— What you need to do —
Would you repeat the entries below word for word and omit the pictures?

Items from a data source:
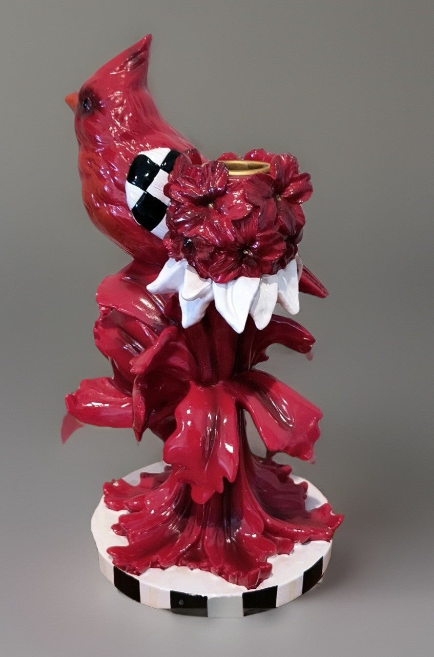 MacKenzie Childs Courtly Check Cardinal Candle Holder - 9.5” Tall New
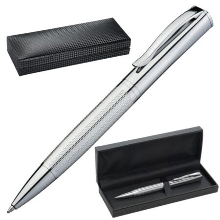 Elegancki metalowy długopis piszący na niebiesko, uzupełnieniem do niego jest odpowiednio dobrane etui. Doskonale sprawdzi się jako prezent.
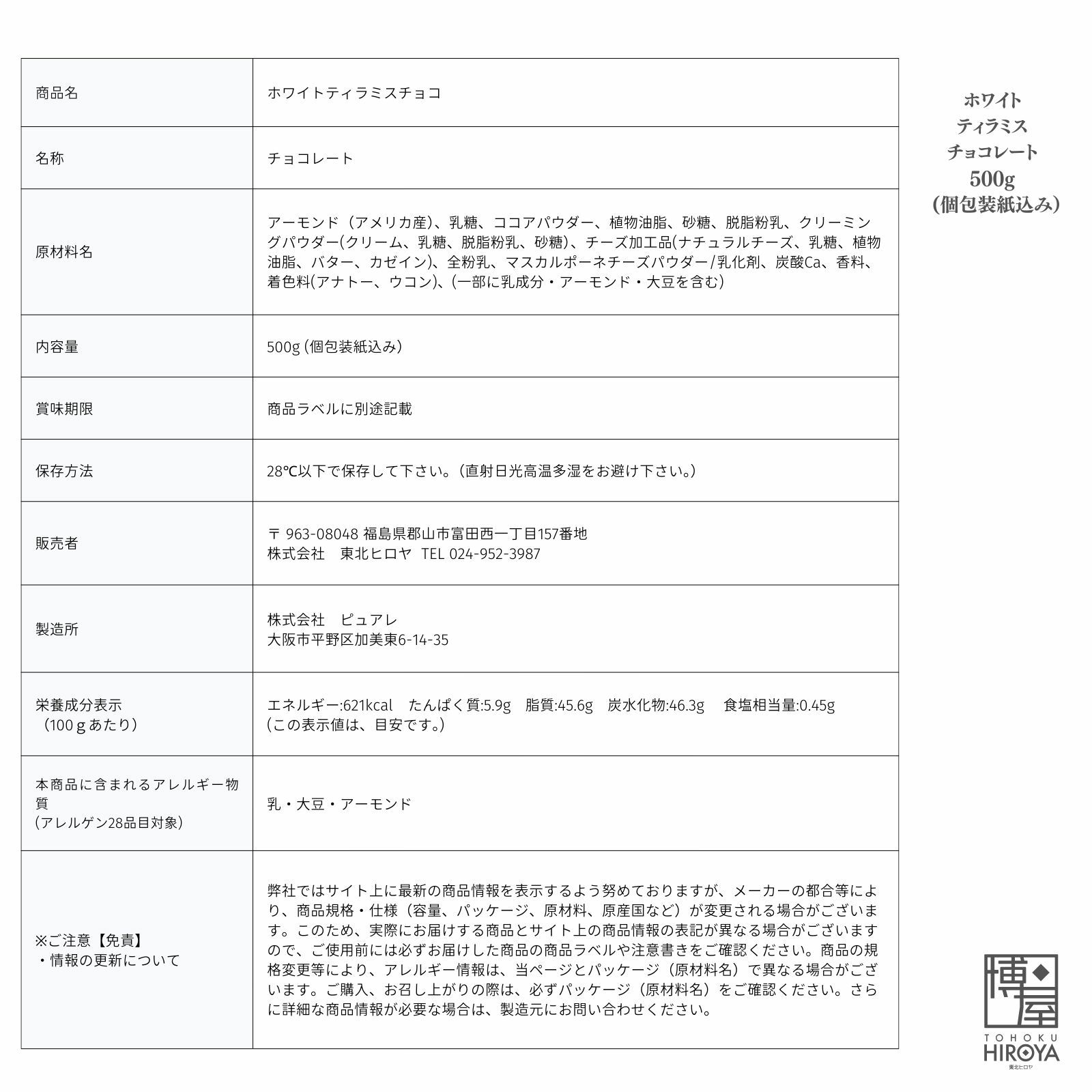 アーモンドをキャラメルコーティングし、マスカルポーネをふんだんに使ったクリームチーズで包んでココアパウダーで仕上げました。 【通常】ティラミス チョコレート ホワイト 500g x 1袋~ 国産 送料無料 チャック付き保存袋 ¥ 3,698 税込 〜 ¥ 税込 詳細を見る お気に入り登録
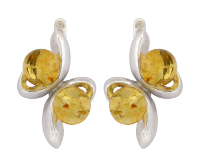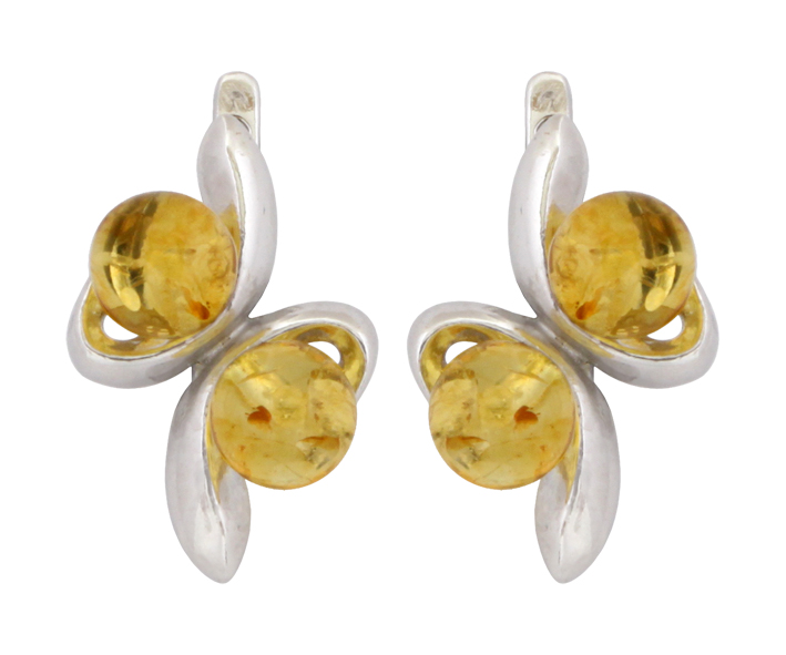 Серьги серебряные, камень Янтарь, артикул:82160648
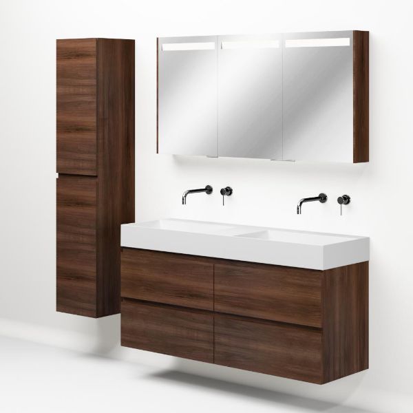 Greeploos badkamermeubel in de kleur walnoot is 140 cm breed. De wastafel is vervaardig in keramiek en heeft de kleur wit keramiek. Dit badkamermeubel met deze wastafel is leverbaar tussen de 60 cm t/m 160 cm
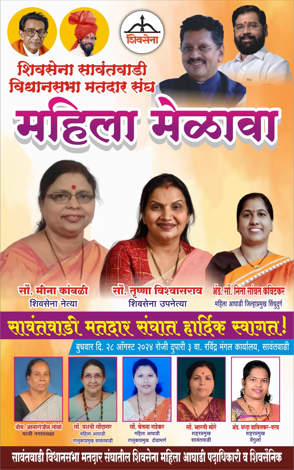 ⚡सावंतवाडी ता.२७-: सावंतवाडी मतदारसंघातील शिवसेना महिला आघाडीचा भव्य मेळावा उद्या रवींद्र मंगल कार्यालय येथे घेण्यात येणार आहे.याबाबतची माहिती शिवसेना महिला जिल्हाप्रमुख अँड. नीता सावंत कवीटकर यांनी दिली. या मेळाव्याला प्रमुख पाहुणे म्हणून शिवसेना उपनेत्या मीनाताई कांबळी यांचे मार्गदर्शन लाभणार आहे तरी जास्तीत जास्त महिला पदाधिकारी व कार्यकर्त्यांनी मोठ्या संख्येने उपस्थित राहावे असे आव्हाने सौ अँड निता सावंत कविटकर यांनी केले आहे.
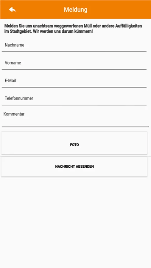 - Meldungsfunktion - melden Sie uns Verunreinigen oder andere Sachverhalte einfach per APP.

— Finished exercise —
 MacKenzie Childs Courtly Check Cardinal Candle Holder - 9.5” Tall New
 Elegancki metalowy długopis piszący na niebiesko, uzupełnieniem do niego jest odpowiednio dobrane etui. Doskonale sprawdzi się jako prezent.
 アーモンドをキャラメルコーティングし、マスカルポーネをふんだんに使ったクリームチーズで包んでココアパウダーで仕上げました。 【通常】ティラミス チョコレート ホワイト 500g x 1袋~ 国産 送料無料 チャック付き保存袋 ¥ 3,698 税込 〜 ¥ 税込 詳細を見る お気に入り登録
 Серьги серебряные, камень Янтарь, артикул:82160648
 Greeploos badkamermeubel in de kleur walnoot is 140 cm breed. De wastafel is vervaardig in keramiek en heeft de kleur wit keramiek. Dit badkamermeubel met deze wastafel is leverbaar tussen de 60 cm t/m 160 cm
 ⚡सावंतवाडी ता.२७-: सावंतवाडी मतदारसंघातील शिवसेना महिला आघाडीचा भव्य मेळावा उद्या रवींद्र मंगल कार्यालय येथे घेण्यात येणार आहे.याबाबतची माहिती शिवसेना महिला जिल्हाप्रमुख अँड. नीता सावंत कवीटकर यांनी दिली. या मेळाव्याला प्रमुख पाहुणे म्हणून शिवसेना उपनेत्या मीनाताई कांबळी यांचे मार्गदर्शन लाभणार आहे तरी जास्तीत जास्त महिला पदाधिकारी व कार्यकर्त्यांनी मोठ्या संख्येने उपस्थित राहावे असे आव्हाने सौ अँड निता सावंत कविटकर यांनी केले आहे.
 - Meldungsfunktion - melden Sie uns Verunreinigen oder andere Sachverhalte einfach per APP.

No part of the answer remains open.